Our Annual Report on Form 10-K, recent and forthcoming Quarterly Reports on Form 10-Q, recent Current Reports on Form 8-K and other Securities and Exchange Commission filings discuss some of the important risk factors that may affect our business, results of operations and financial condition.
We undertake no obligation to publicly update or revise any forward-looking statements, whether as a result of new information, future events or otherwise. In addition, actual results may differ materially from those contemplated in any forward-looking statement due to the timing and likelihood of the closing of the purchase of PPL Montana LLC's hydro-electric generating facilities.
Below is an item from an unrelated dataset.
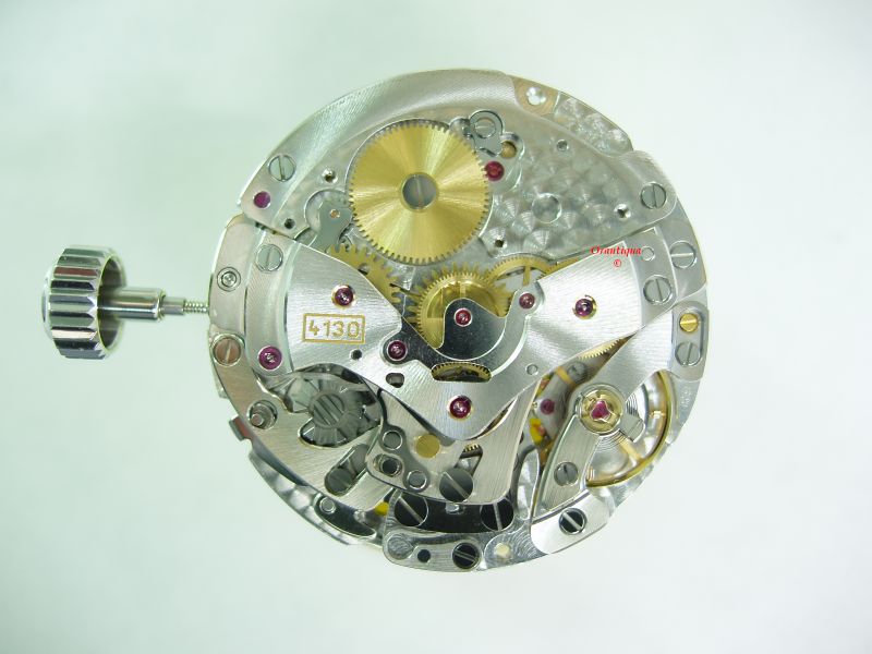 http://www.horology.ru/workshop/daytona.htm Следует заметить, что у него нет накладных камней-подпятников на цапфах анкерного колеса, как в 4130, видимо из-за особенностей конструкции их не удалось установить. Технически, же калибр 4030, он же модифицированный Zenith El Primero, представляет собой классический хронограф с колонным колесом и горизонтальным зацеплением, глядя на него, мысленно убрав узел автоподзавода, нельзя не заметить сходство компоновки с классическими хронографами с ручным заводом, такими как Venus 175. Калибр 4130, напротив, создавался с чистого листа, без оглядки на прошлые схемы. |

Non-GAAP Financial Measures
This press release includes financial information prepared in accordance with GAAP, as well as other financial measures, such as Gross Margin and Adjusted Diluted EPS, that are considered 'non-GAAP financial measures.' Generally, a non-GAAP financial measure is a numerical measure of a company's financial performance, financial position or cash flows that exclude (or include) amounts that are included in (or excluded from) the most directly comparable measure calculated and presented in accordance with GAAP. Gross Margin (Revenues less Cost of Sales) is a non-GAAP financial measure due to the exclusion of depreciation from the measure.
Gross Margin is used by us to determine whether we are collecting the appropriate amount of energy costs from customers to allow recovery of operating costs. Adjusted Diluted EPS is another non GAAP measure. The Company believes the presentation of Adjusted Diluted EPS is more representative of our normal earnings than the GAAP EPS due to the exclusion (or inclusion) of certain impacts that are not reflective of ongoing earnings.
The presentation of these non-GAAP measures is intended to supplement investors' understanding of our financial performance and not to replace other GAAP measures as an indicator of actual operating performance. Our measures may not be comparable to other companies' similarly titled measures.